§ Task
Skip the pictures. Set down, word for word, the lines from the start of the material up to and including the line with "نضيف الخضار المقطعة".

§ Provided information
★ ★ ★
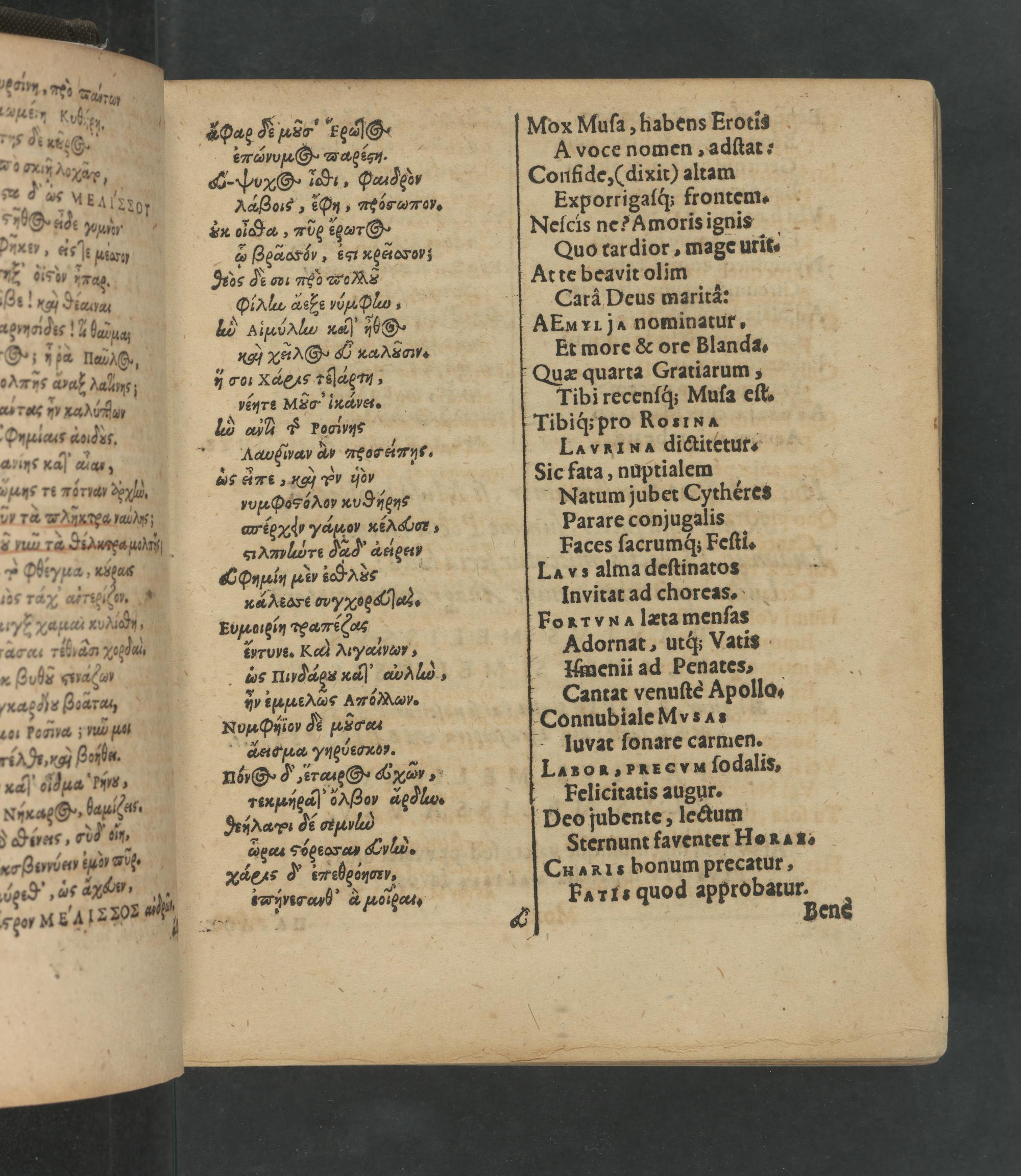 Mox Muſa, habens Erotis A voce nomen, adſtat- Confide,(dixit) altam Exporrigaſq́; frontem. Neſcis ne? Amoris ignis Quo tardior, maxge urit- Atte beavit olim Carâ Deus marità: AEurrja nominatur, Et more& ore Blanda. Quæ quarta Gratiarum, Tibi recenſq́; Muſa eſt. Tibiq; pro Rostna Layaiua dictitetur. Sic fata, nuptialem Natum jubet Cythéres Parare conjugalis Faces ſacrumꝗ́; Feſti. Lavs alma deſtinatos Invitat ad choreas. FolrvNa læta menſas A dornat, utq́; Vatis IImenii ad Penates, Cantat venuſté Apollo.
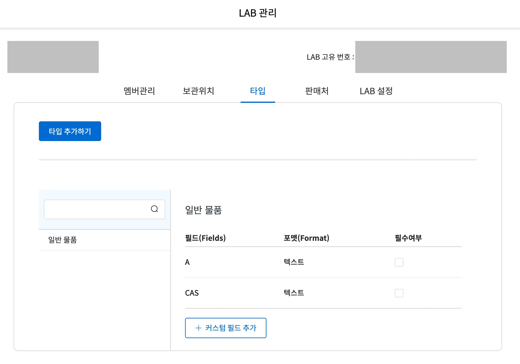 타입은 연구제품의 정보를 세부적으로 입력하기 위해 필요한 기능입니다. 텍스트, 숫자, 날짜의 값을 입력할 수 있으며 원하는 정보를 입력하기 위해 편집이 가능합니다.
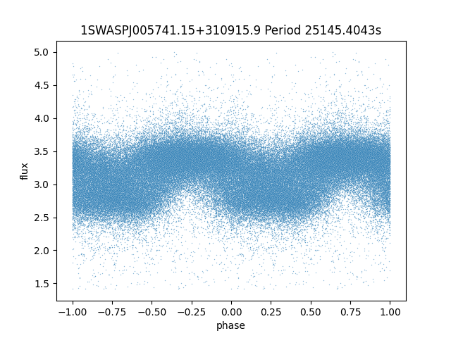 | SuperWASP ID | Mean Magnitude | Period (seconds) | Majority Classification | Folding flag | RA | Dec | Lightcurve |
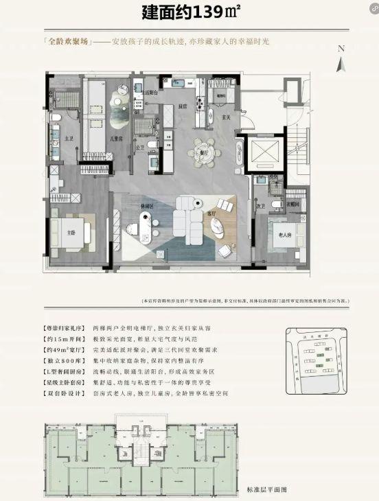 主卧和老人房为双套房,三代同堂也能互不打扰。该户型将赠送面积拉满,得房率达约120%,相当于旧规180㎡大平层。
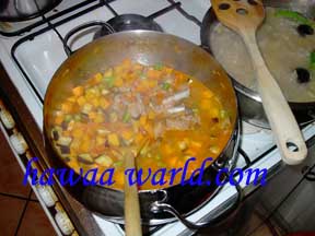 نضيف الخضار المقطعة .. يلاحظ ان الخضار المستخدمة من النوع اللي ينضج بسرعة لذلك يجب ان تكون اضافتها في اخر ست دقائق إلى عشر دقائق ( انا طبختها خمس دقائق ثم اغلق النار وتركته في القدر حار وواصل الطبخ )
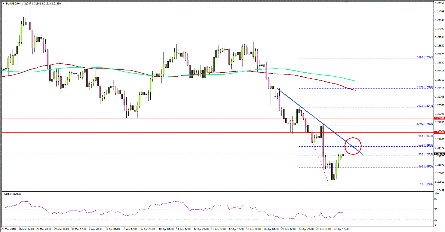 It started an upside correction from the 1.2056 low and moved above 1.2080. There was also a break above the 23.6% Fib retracement level of the last decline from the 1.2244 high to 1.2056 low.However, there are many resistances on the upside around the 1.2150 and 1.2170 levels. There is also a key bearish trend line in place with resistance at 1.2150 on the 4-hours chart.The same trend line resistance is close to the 50% Fib retracement level of the last decline from the 1.2244 high to 1.2056 low. Therefore, a break above the 1.2150 resistance won’t be easy. More importantly, 1.2170-1.2180 area was a support earlier and now it is likely to prevent upsides.The pair is currently trading well below declining 100 (red) and 200 (green) simple moving averages (4-hour), which is a bearish sign. Therefore, if the pair corrects higher, upsides are likely to be capped by 1.2150-1.2170.This past week, the US Gross Domestic Product Annualized reading for Q1 2018 (Prelim) was released by the US Bureau of Economic Analysis. The market was looking for a growth of 2%, less than the last 2.9%.However, the actual result was on the positive side as there was a growth of 2.3% in the GDP. The report added that:Current-dollar GDP increased 4.3 percent, or $211.2 billion, in the first quarter to a level of $19.97 trillion. In the fourth quarter, current-dollar GDP increased 5.3 percent, or $253.5 billion.Overall, the US Dollar is likely to remain in an uptrend versus the Euro, Pound and the Japanese Yen in the near term.
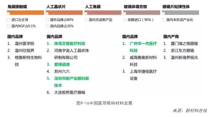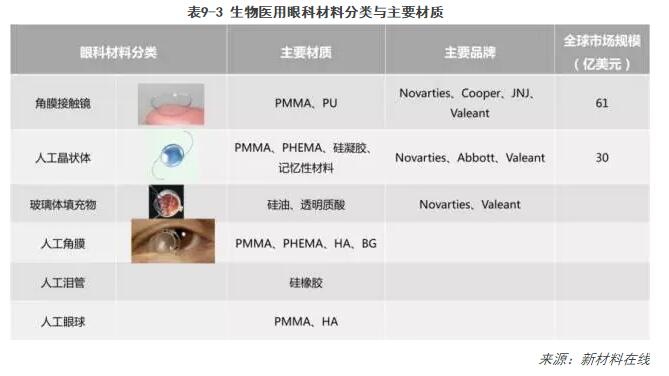 最近三十年中,隨著(zhù)各類(lèi)新型生物醫用材料和新型醫療激光設備等的開(kāi)發(fā)和應用,眼科醫療器械市場(chǎng)得到了飛速發(fā)展。目前,生物醫用材料在眼科疾病治療方面的應用涵蓋角膜接觸鏡(俗稱(chēng)隱形眼鏡),人工晶狀體,人工角膜,治療青光眼植入材料,眼科手術(shù)用玻璃體填充物、粘彈性體,人工眼球,人工眶骨等。目前市場(chǎng)規模最大的是用于近視和散光治療的角膜接觸鏡,其次是用于白內障治療的人工晶狀體。
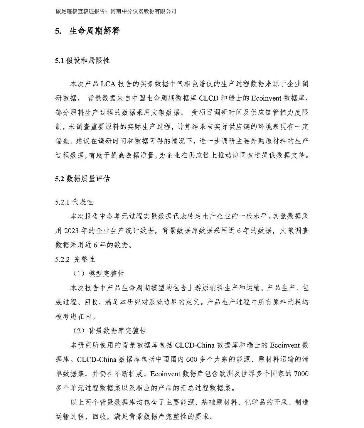 河南中分儀器股份有限公司2023年產品碳足跡核查報告
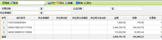 【主要功能】对进项发票按供应商税号进行汇总统计。
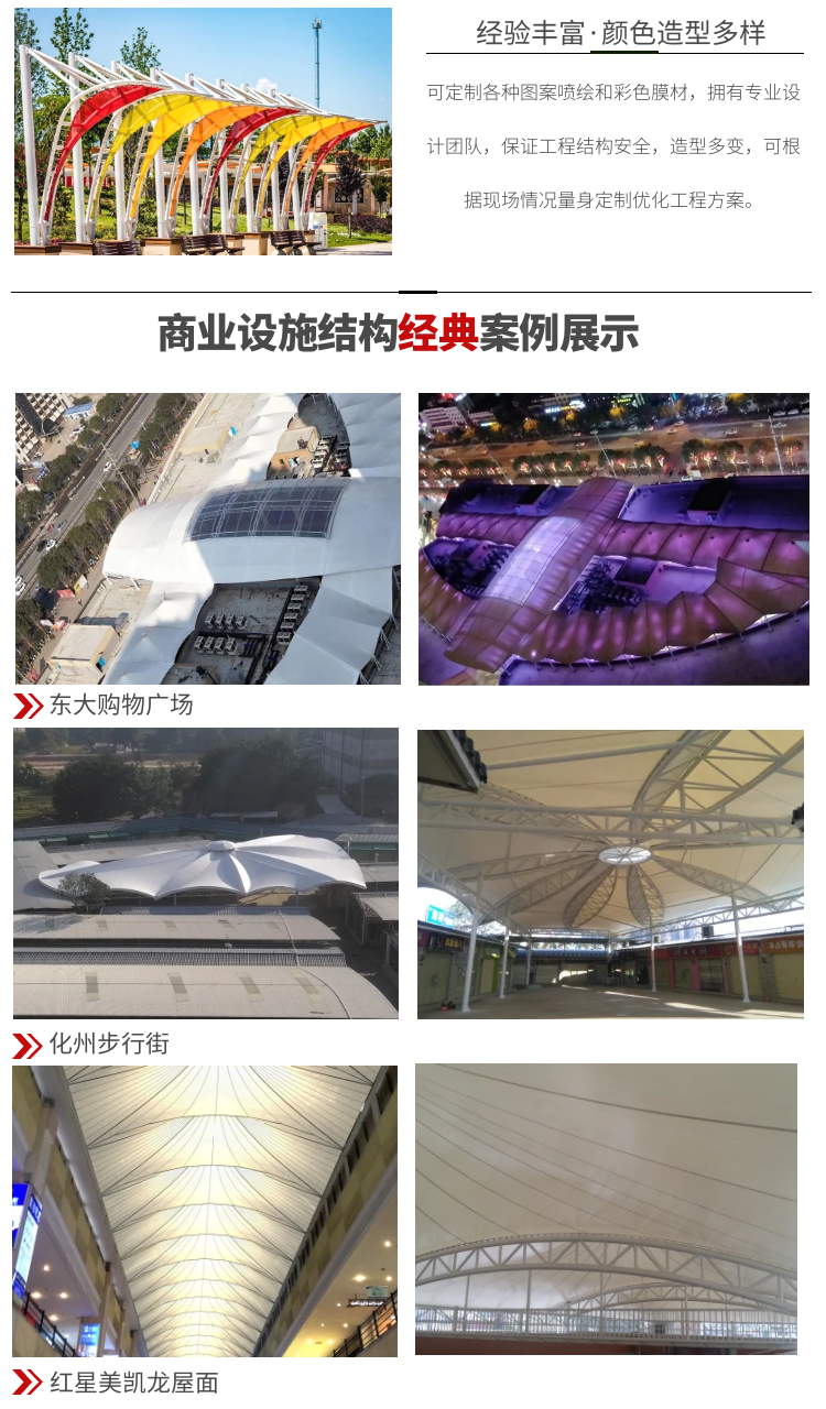 使用场所 | 商业建筑体育场馆展览中心商业综合体购物中心展馆膜结构机场高铁站 | ||
★ ★ ★
§ Your response
 Mox Muſa, habens Erotis A voce nomen, adſtat- Confide,(dixit) altam Exporrigaſq́; frontem. Neſcis ne? Amoris ignis Quo tardior, maxge urit- Atte beavit olim Carâ Deus marità: AEurrja nominatur, Et more& ore Blanda. Quæ quarta Gratiarum, Tibi recenſq́; Muſa eſt. Tibiq; pro Rostna Layaiua dictitetur. Sic fata, nuptialem Natum jubet Cythéres Parare conjugalis Faces ſacrumꝗ́; Feſti. Lavs alma deſtinatos Invitat ad choreas. FolrvNa læta menſas A dornat, utq́; Vatis IImenii ad Penates, Cantat venuſté Apollo.
 타입은 연구제품의 정보를 세부적으로 입력하기 위해 필요한 기능입니다. 텍스트, 숫자, 날짜의 값을 입력할 수 있으며 원하는 정보를 입력하기 위해 편집이 가능합니다.
 | SuperWASP ID | Mean Magnitude | Period (seconds) | Majority Classification | Folding flag | RA | Dec | Lightcurve |
 主卧和老人房为双套房,三代同堂也能互不打扰。该户型将赠送面积拉满,得房率达约120%,相当于旧规180㎡大平层。
 نضيف الخضار المقطعة .. يلاحظ ان الخضار المستخدمة من النوع اللي ينضج بسرعة لذلك يجب ان تكون اضافتها في اخر ست دقائق إلى عشر دقائق ( انا طبختها خمس دقائق ثم اغلق النار وتركته في القدر حار وواصل الطبخ )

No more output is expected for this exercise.